I have this problem
Question: Four cards are drawn at random from a pack of 52 cards. Find the probability that two are kings and two are queens.
Answer: $$ P(E) = \frac{\,^4C_2\cdot \,^4C_2}{\,^{52}C_4} $$
That's what the answer should be but I wanted to verify it so, I started to draw a tree which represents all the outcomes.
For example:
We can pick any of the 4 kings let's call them $k_1, k_2, k_3, k_4$ and we have $4$ queens call them $q_1, q_2, q_3, q_4$.
In first case we pick $k_1$, now we can pick $k_2, k_3, k_4$. say we pick $k_4$. Now we can pick $q_1, q_2, q_3, q_4$.
We pick $q_1$, now we can pick $q_2, q_3, q_4$
If we look at number of outcomes this way we get :- $3\cdot(3\cdot 4)\cdot 4 = 144$
This is different from $^4C_2\cdot\,^4C_2=36$
Why has this difference in answers arisen? Am I right or wrong? And if I am wrong, where have I gone wrong here?
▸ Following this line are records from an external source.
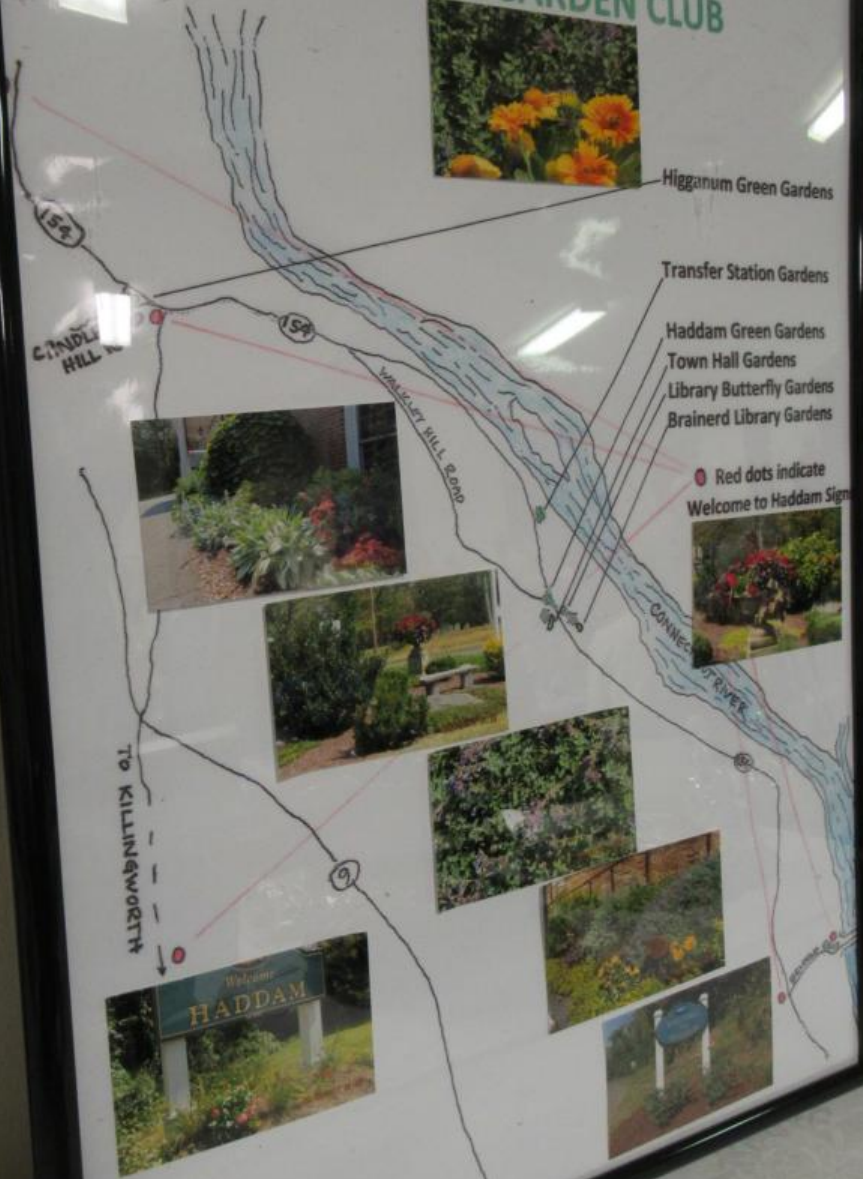
Transfer Station Gardens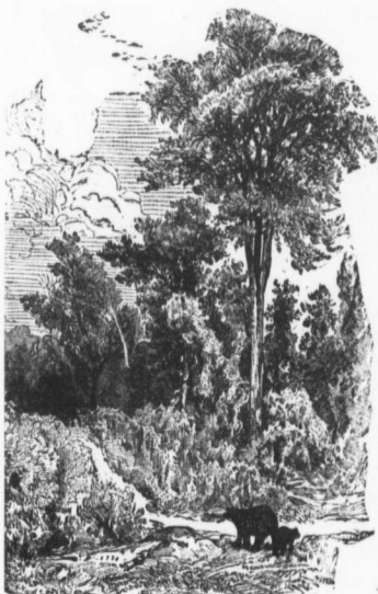
IN OUR NORTHERN FORESTS.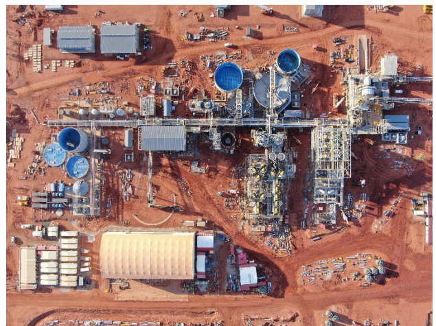
Figure 17: Plant Overhead

As @lulu pointed out in the comment, you have double counted the ways in which two kings(similar for two queens) can be drawn.
All that matters here is drawing two kings (and queens) and not the order in which you draw them, so drawing $K_1$ first and then $K_2$ is the same as drawing $K_2$ first and then $K_1$ but you have counted both the possibilities separately and you have done this for all possible pairs in the set of kings (similarly for the set of queens).
So you must divide the answer you got by a factor of $4$ to overcome the double counting in both the set of cards.